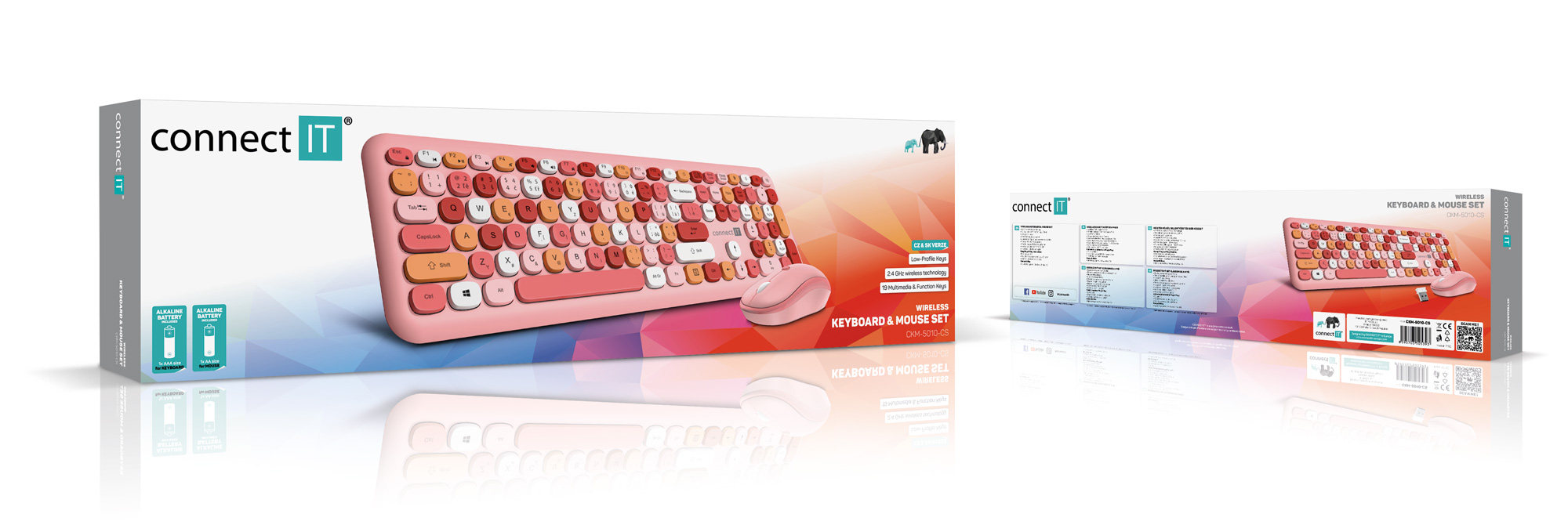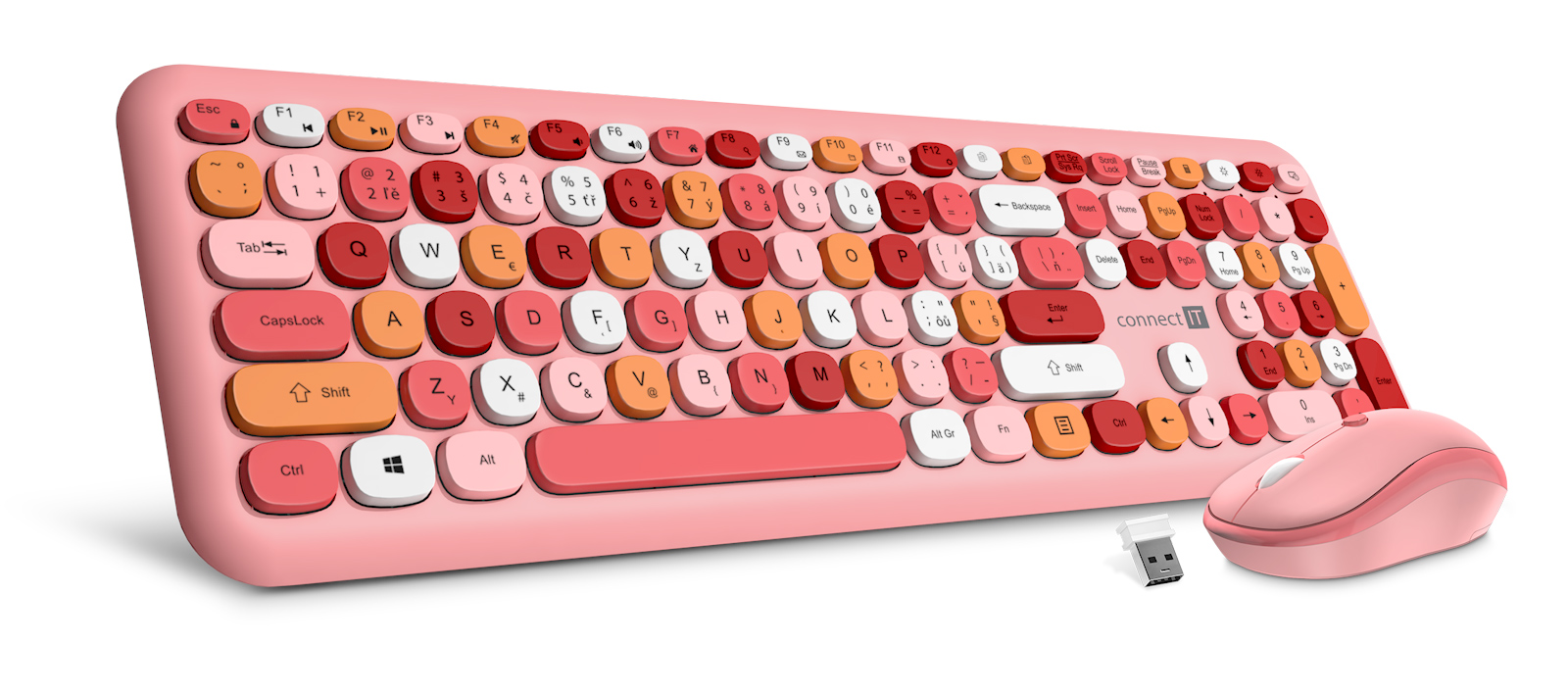 CONNECT IT FASHION combo bezdrátová růžová klávesnice + myš, (+1x AAA +1x AA baterie zdarma), CZ + SK layout
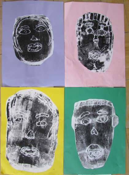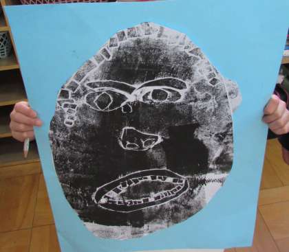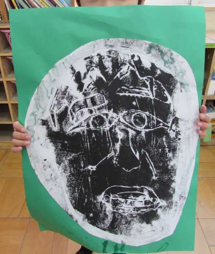 1年生が図画工作の学習で、紙版画に取り組みました。自分の顔を、大きく表現しました。紙を貼って、重ねることで表現できるということを、楽しみました。
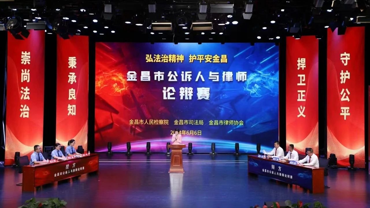 6月6日,金昌市检察院、金昌市司法局、金昌市律师协会联合举办公诉人与律师论辩赛。经过选拔,金昌市检察机关和律师行业各9名选手参赛。论辩双方紧扣辩题,从法、理、情多维度进行释法明理,在论辩中双方选手逻辑缜密、沉着应对、冷静分析、激烈交锋,不断将比赛推向高潮。
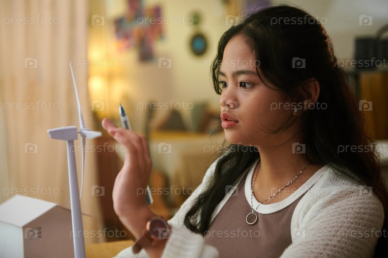 Ученица учится о ветровой энергетике
——
-- Task brief --
Transcribe the listing in full. Leave the pictures out.

-- Output of the task --
 CONNECT IT FASHION combo bezdrátová růžová klávesnice + myš, (+1x AAA +1x AA baterie zdarma), CZ + SK layout
 1年生が図画工作の学習で、紙版画に取り組みました。自分の顔を、大きく表現しました。紙を貼って、重ねることで表現できるということを、楽しみました。
 6月6日,金昌市检察院、金昌市司法局、金昌市律师协会联合举办公诉人与律师论辩赛。经过选拔,金昌市检察机关和律师行业各9名选手参赛。论辩双方紧扣辩题,从法、理、情多维度进行释法明理,在论辩中双方选手逻辑缜密、沉着应对、冷静分析、激烈交锋,不断将比赛推向高潮。
 Ученица учится о ветровой энергетике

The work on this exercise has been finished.